Violência psicológica também e violência?
Em 2021 o Congresso Nacional aprovou a Lei 14.188 que altera o Código Penal e estabelece a violência psicológica como crime. Se você está vivendo ameaça, constrangimento, humilhação, manipulação, isolamento, perseguição e insultos, você deve buscar ajuda porque você está vivendo uma situação de violência psicológica.

Posso denunciar somente na DEAM?
Você pode realizar em qualquer delegacia circunscricional uma denúncia de violência doméstica. Você também pode usar outros canais que foram criados durante o tempo de pandemia, como o boletim de ocorrência online, pelo site da PCDF. Além da denúncia, também pode requerer medida protetiva. Também, é importante quevocê conheçao app Proteja-se, que foi desenvolvido justamente para estabelecer um canal de denúncias para as mulheres em situação de violência.
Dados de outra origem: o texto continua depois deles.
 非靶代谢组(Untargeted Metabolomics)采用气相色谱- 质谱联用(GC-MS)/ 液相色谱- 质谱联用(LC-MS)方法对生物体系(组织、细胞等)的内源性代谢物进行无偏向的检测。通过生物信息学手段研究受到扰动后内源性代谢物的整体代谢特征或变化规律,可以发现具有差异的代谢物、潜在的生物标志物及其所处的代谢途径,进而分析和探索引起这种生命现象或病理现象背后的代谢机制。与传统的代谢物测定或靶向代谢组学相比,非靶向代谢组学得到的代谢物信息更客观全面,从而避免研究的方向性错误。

Há serviços de acolhimento que ajuda a entender os tipos de violência que a vítima está vivendo? Como sair dessa situação? Esses serviços garantem sigilo e segurança?
Sim, existem os equipamentos gerenciados pela SMDF, como os CEAMs, a Casa da Mulher Brasileira e os NAFAVDs. Nesses equipamentos temos equipe técnica especializada que irão te acompanhar, acolher e prestar todas as informações necessárias.

E para quem vive com o agressor, há um local seguro para a mulher ser acolhida com os filhos?
Existe a Casa Abrigo. Lá você estará em plena segurança porque o endereço é sigiloso. Você também pode levar os filhos e receber todo o acompanhamento. Para garantir o sigilo e a segurança, o acesso à Casa Abrigo é feito pelas DEAMs.